##### INFORMATION SUPPLIED

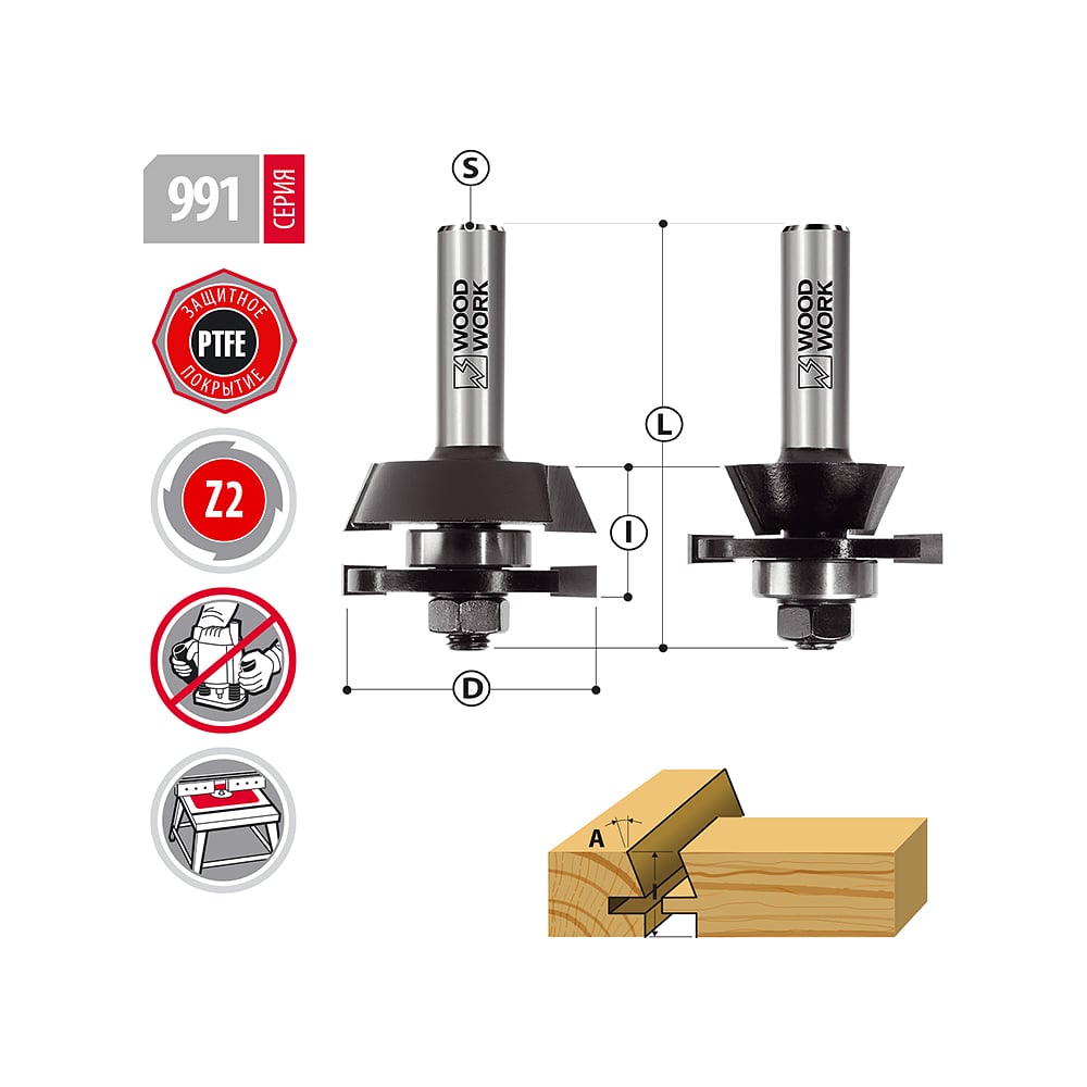 Комплект фрез для мебельной обвязки A=22.5 мм, D=44.4 мм, I=23.8 мм, L=76 мм, S=12 мм, Z=2 WOODWORK 991.2302.12
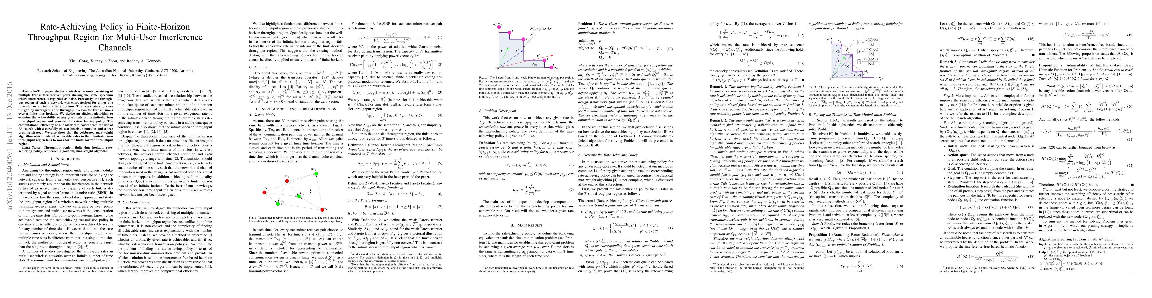 This paper studies a wireless network consisting of multiple transmitter-receiver pairs sharing the same spectrum where interference is regarded as noise. Previously, the throughput region of such a network was characterized for either one time slot or an infinite time horizon. This work aims to close the gap by investigating the throughput region for transmissions over a finite time horizon. We derive an efficient algorithm to examine the achievability of any given rate in the finite-horizon throughput region and provide the rate-achieving policy. The computational efficiency of our algorithm comes from the use of A* search with a carefully chosen heuristic function and a tree pruning strategy. We also show that the celebrated max-weight algorithm which finds all achievable rates in the infinite-horizon throughput region fails to work for the finite-horizon throughput region.
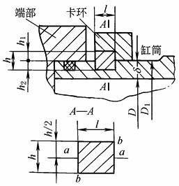 缸 筒 卡 环 连 接 | 缸筒与端部用卡环连接时,卡环的强度计算如下: 卡环的切应力(A—A断面处)
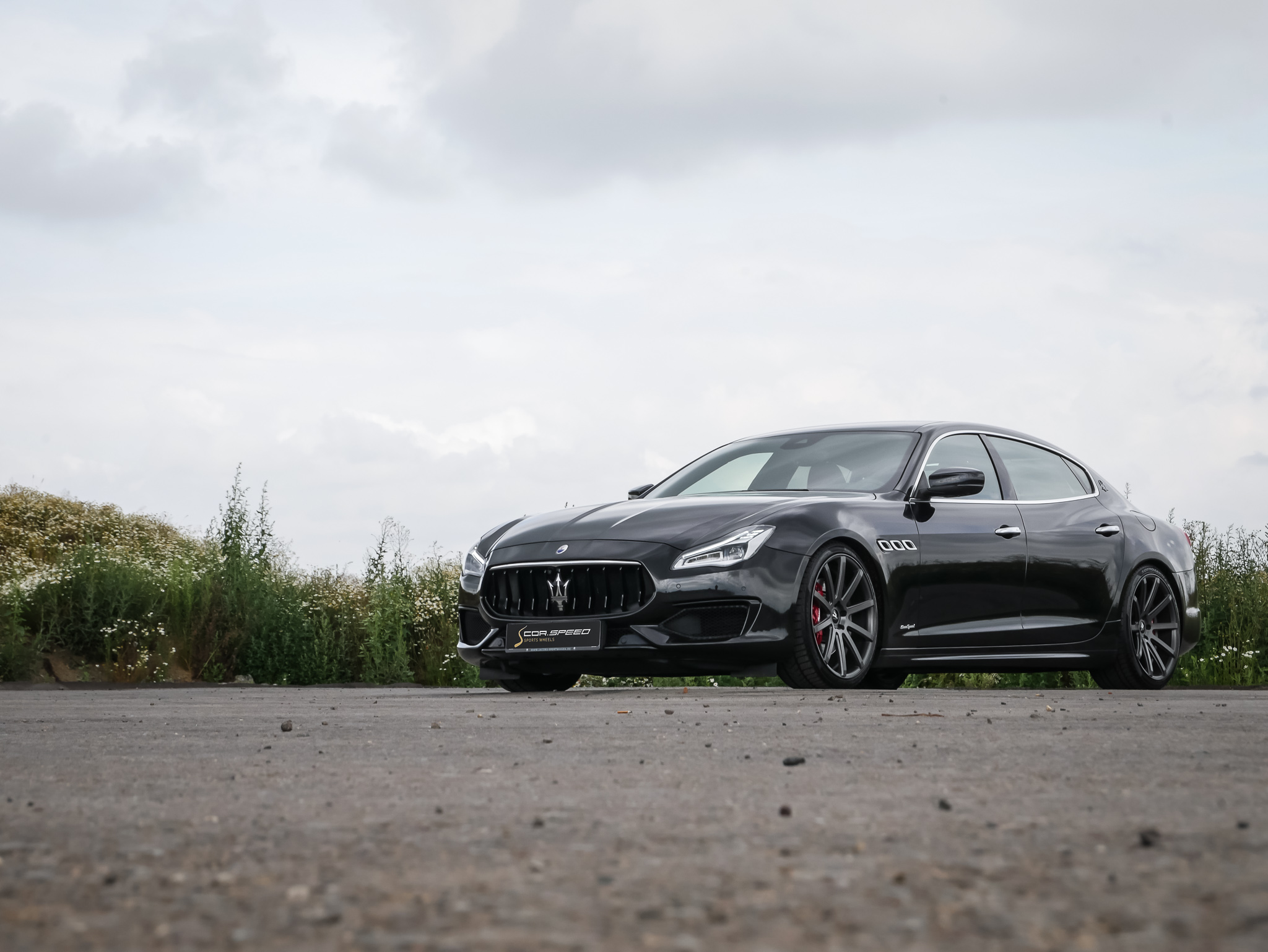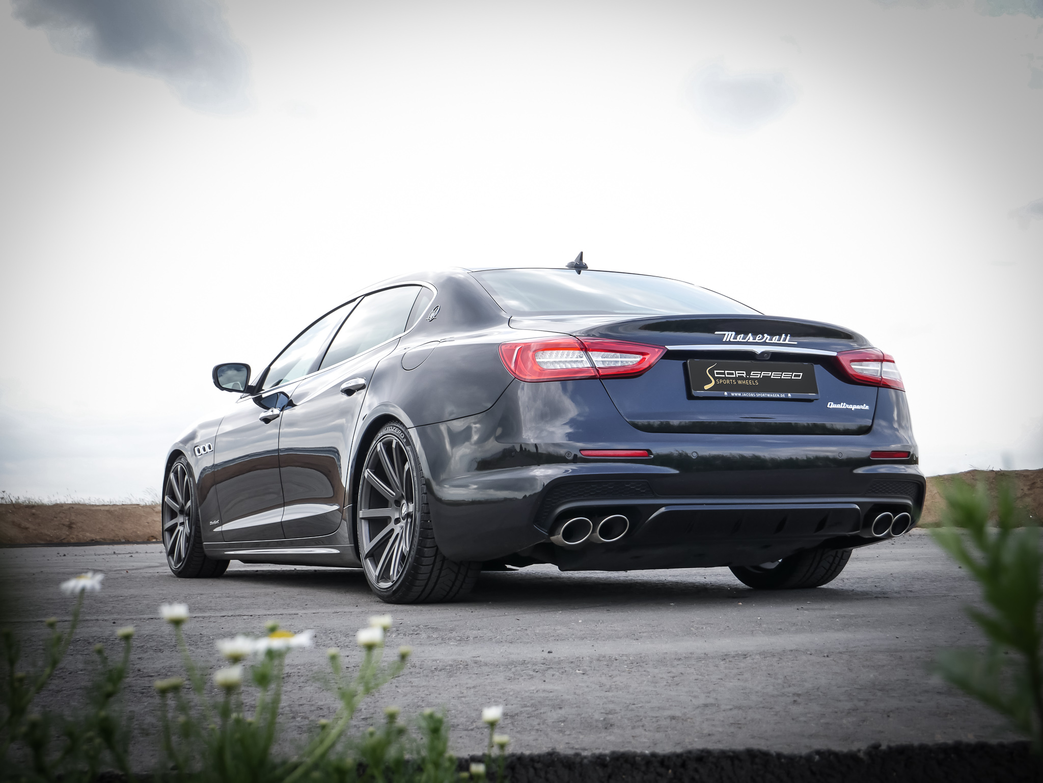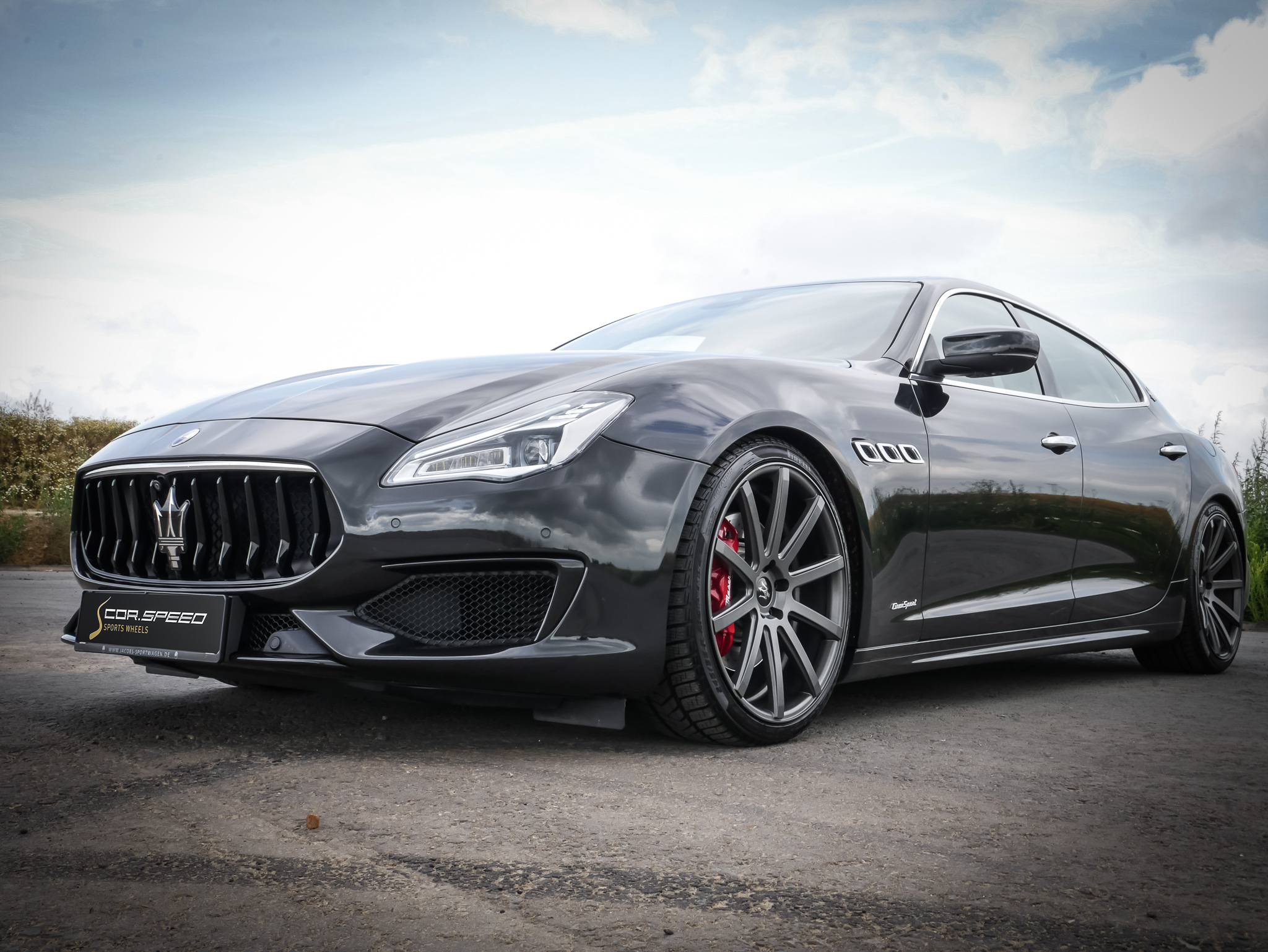 The one-piece light alloy wheel was mounted to the Italian limousine shown here by Cor.Speed partner wheels4you, located in Hildesheim, in the „Gunmetal Matt“ finish and in the dimensions 9x21 and 10.5x21 inches - combined with high-performance tires of sizes 245/35R21 on the front and 285/30R21 on the rear axle.
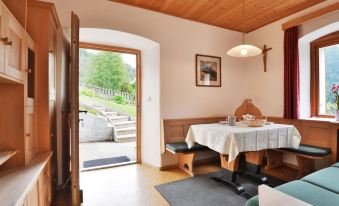 2-family house "Mastle". 700 m from the centre of St. Ulrich/Ortisei, 6 km from the centre of S. Cristina Valgardena, 37 km from the centre of Bolzano, in a sunny position on a slope. For shared use: property, well-kept garden with lawn. In the house: storage room for bicycles, storage room for skis. Parking on the premises. Shop 900 m, restaurant 50 m, bus stop "Ortisei" 700 m, railway station "Bolzano" 36 km, indoor swimming pool 2 km. Golf course (18 hole) 16 km, mountain railway 1.4 km, ski lift 1.4 km, gondola lift 1.7 km, ski bus stop 50 m. Well-known ski regions can easily be reached: Seceda, Seiser Alm. Please note: the owner lives in the same residence. "Mastle", 2-room apartment 42 m2, on the ground floor. Cosy and wooden furniture furnishings: living/dining room with dining nook and TV. 1 double bedroom. Small kitchen (mini-oven, 2 induction hot plates, toaster, kettle, electric coffee machine). Shower/WC. Gas heating. Parquet floors. Patio. Deck chairs. Facilities: baby cot. Internet (WiFi, free). Please note: non-smokers only. 1 small pet/ dog allowed. Private entrance, fire extinguisher. IT021061B45O6ZYBYU
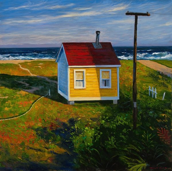 Mark Beck painted "Beautiful World" sometime in the 20th century, though the exact date is unknown. It depicts a rural scene, perhaps somewhere in the United States, with a small, modest house set against a backdrop of rolling green hills. The painting invites us to consider the relationship between the individual and the landscape, and how social and economic factors shape our perception of beauty. Is this a truly beautiful world, or is the title ironic, pointing to the economic hardships faced by many rural communities in the 20th century? The weathered fence and simple architecture suggest a life of hard work and limited resources. The scene may comment on the social structures of its time, perhaps critiquing the idealized vision of rural life often presented in art and popular culture. To better understand this work, we might consult historical records, economic data, and personal accounts of rural life in 20th-century America. Only then can we fully appreciate the complex social and cultural forces at play in "Beautiful World."

##########

Output exactly the lines above that lie between the line with "This paper studies" and the line with "The one-piece light", those two lines included, and no pictures.

 This paper studies a wireless network consisting of multiple transmitter-receiver pairs sharing the same spectrum where interference is regarded as noise. Previously, the throughput region of such a network was characterized for either one time slot or an infinite time horizon. This work aims to close the gap by investigating the throughput region for transmissions over a finite time horizon. We derive an efficient algorithm to examine the achievability of any given rate in the finite-horizon throughput region and provide the rate-achieving policy. The computational efficiency of our algorithm comes from the use of A* search with a carefully chosen heuristic function and a tree pruning strategy. We also show that the celebrated max-weight algorithm which finds all achievable rates in the infinite-horizon throughput region fails to work for the finite-horizon throughput region.
 缸 筒 卡 环 连 接 | 缸筒与端部用卡环连接时,卡环的强度计算如下: 卡环的切应力(A—A断面处)
 The one-piece light alloy wheel was mounted to the Italian limousine shown here by Cor.Speed partner wheels4you, located in Hildesheim, in the „Gunmetal Matt“ finish and in the dimensions 9x21 and 10.5x21 inches - combined with high-performance tires of sizes 245/35R21 on the front and 285/30R21 on the rear axle.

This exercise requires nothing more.